About the Speaker
Rich Sutton, FRS, FRSC, is an artificial intelligence researcher specializing in reinforcement learning. He works at Keen Technologies, the University of Alberta, the Alberta Machine Intelligence Institute, and the Openmind Research Institute. Earlier he studied at Stanford University and the University of Massachusetts, and worked at GTE Labs, AT&T Labs, and DeepMind. His scientific publications have been cited about 150,000 times. He is also a libertarian, a chess player, and a cancer survivor.
Abstract
Artificial neural networks and deep learning, the leading edge of modern AI, are modeled after a distributed system—the biological brain—but de-emphasize its distributed aspects.

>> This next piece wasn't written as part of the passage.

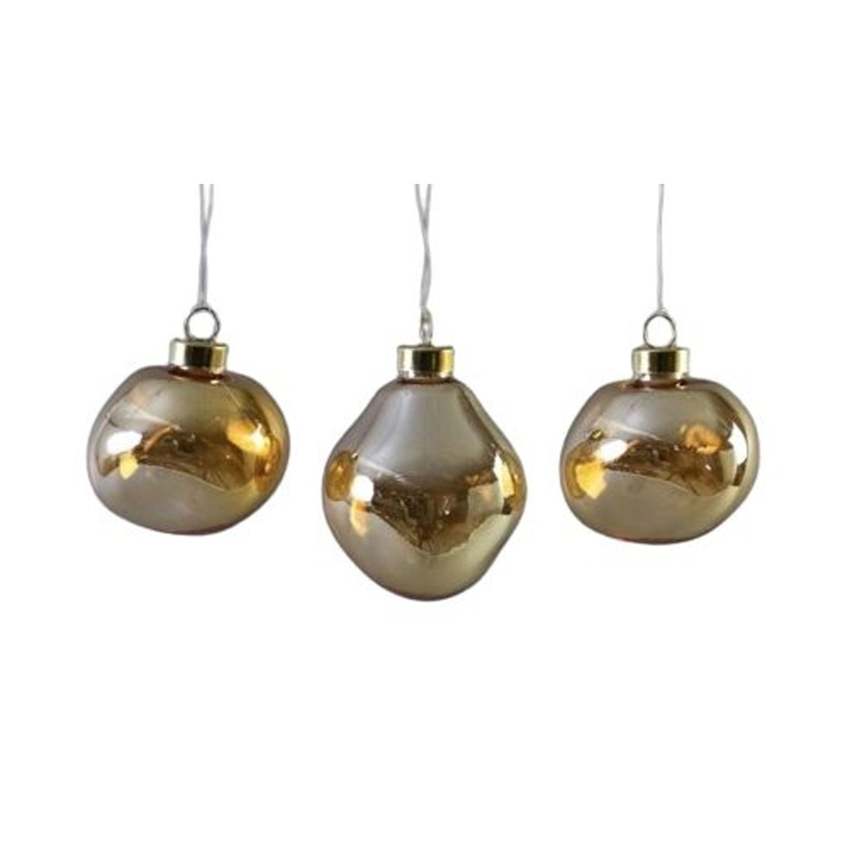 Originální a elegantní skleněná koule netradičního tvaru, která zaujme svým jedinečným designem a jemným leskem. Tato ozdoba dodá vašemu vánočnímu stromku, svátečnímu aranžmá nebo interiéru nádech originality a luxusu. Ozdoba v mixu provedení. Pokud si přejete konkrétní variantu, napište ji do poznámky, pokusíme se vyhovět. V případě nedostupnosti bude odeslán náhodný kus.

For example, modern deep learning emphasizes the synchronized convergence of whole networks and gradient descent on a single global error surface. The perspective of the individual neuron-like unit is sadly almost entirely absent from deep learning's theory and algorithms. In this talk I investigate taking the decentralized perspective of the single unit to see if it can ease some of recurring problems with deep learning, such as loss of plasticity, catastrophic forgetting, and slow online learning. I highlight the recent work led by Dohare on loss of plasticity in Nature and by Elsayed on streaming reinforcement-learning algorithms.